BEGIN

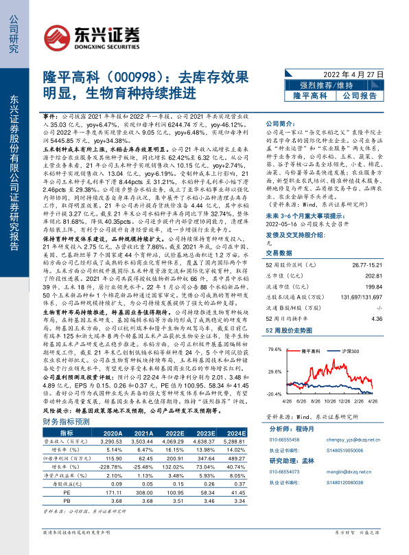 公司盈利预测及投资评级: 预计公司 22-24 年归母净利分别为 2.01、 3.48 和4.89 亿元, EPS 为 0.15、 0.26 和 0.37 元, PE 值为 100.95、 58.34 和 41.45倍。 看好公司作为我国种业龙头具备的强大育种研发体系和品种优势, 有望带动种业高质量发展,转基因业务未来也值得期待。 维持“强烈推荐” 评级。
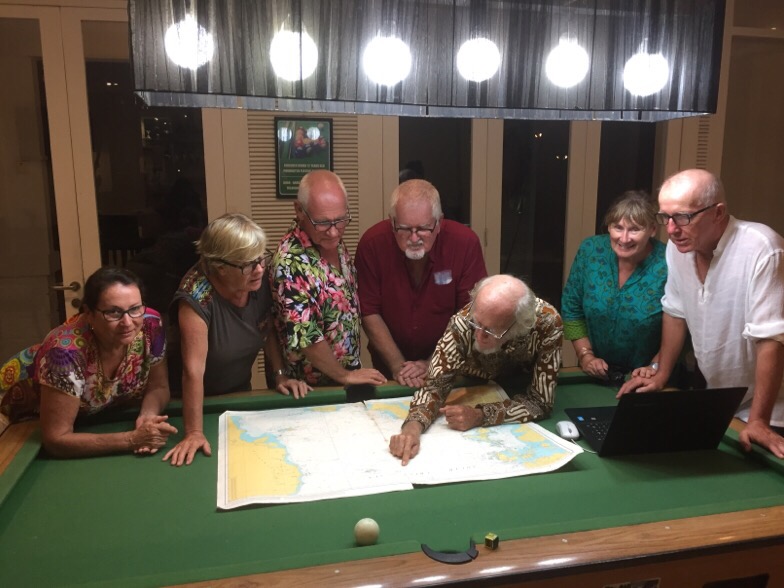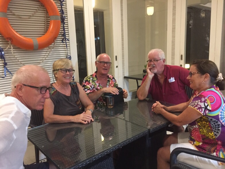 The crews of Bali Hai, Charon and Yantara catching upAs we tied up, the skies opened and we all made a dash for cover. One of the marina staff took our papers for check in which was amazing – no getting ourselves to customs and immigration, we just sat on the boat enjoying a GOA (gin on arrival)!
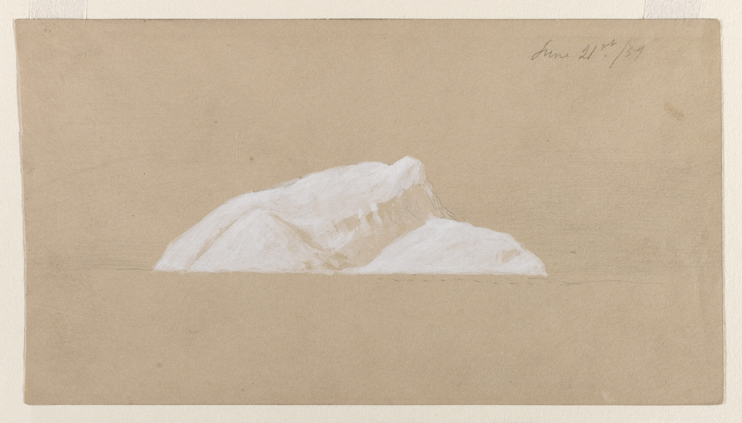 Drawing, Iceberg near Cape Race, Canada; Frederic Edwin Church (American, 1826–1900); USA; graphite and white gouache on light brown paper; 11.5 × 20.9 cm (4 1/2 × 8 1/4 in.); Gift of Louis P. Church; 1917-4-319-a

END

Exercise: Each line above should be written out again unchanged; no images are to be carried over.

Solution to this problem:
 公司盈利预测及投资评级: 预计公司 22-24 年归母净利分别为 2.01、 3.48 和4.89 亿元, EPS 为 0.15、 0.26 和 0.37 元, PE 值为 100.95、 58.34 和 41.45倍。 看好公司作为我国种业龙头具备的强大育种研发体系和品种优势, 有望带动种业高质量发展,转基因业务未来也值得期待。 维持“强烈推荐” 评级。
 The crews of Bali Hai, Charon and Yantara catching upAs we tied up, the skies opened and we all made a dash for cover. One of the marina staff took our papers for check in which was amazing – no getting ourselves to customs and immigration, we just sat on the boat enjoying a GOA (gin on arrival)!
 Drawing, Iceberg near Cape Race, Canada; Frederic Edwin Church (American, 1826–1900); USA; graphite and white gouache on light brown paper; 11.5 × 20.9 cm (4 1/2 × 8 1/4 in.); Gift of Louis P. Church; 1917-4-319-a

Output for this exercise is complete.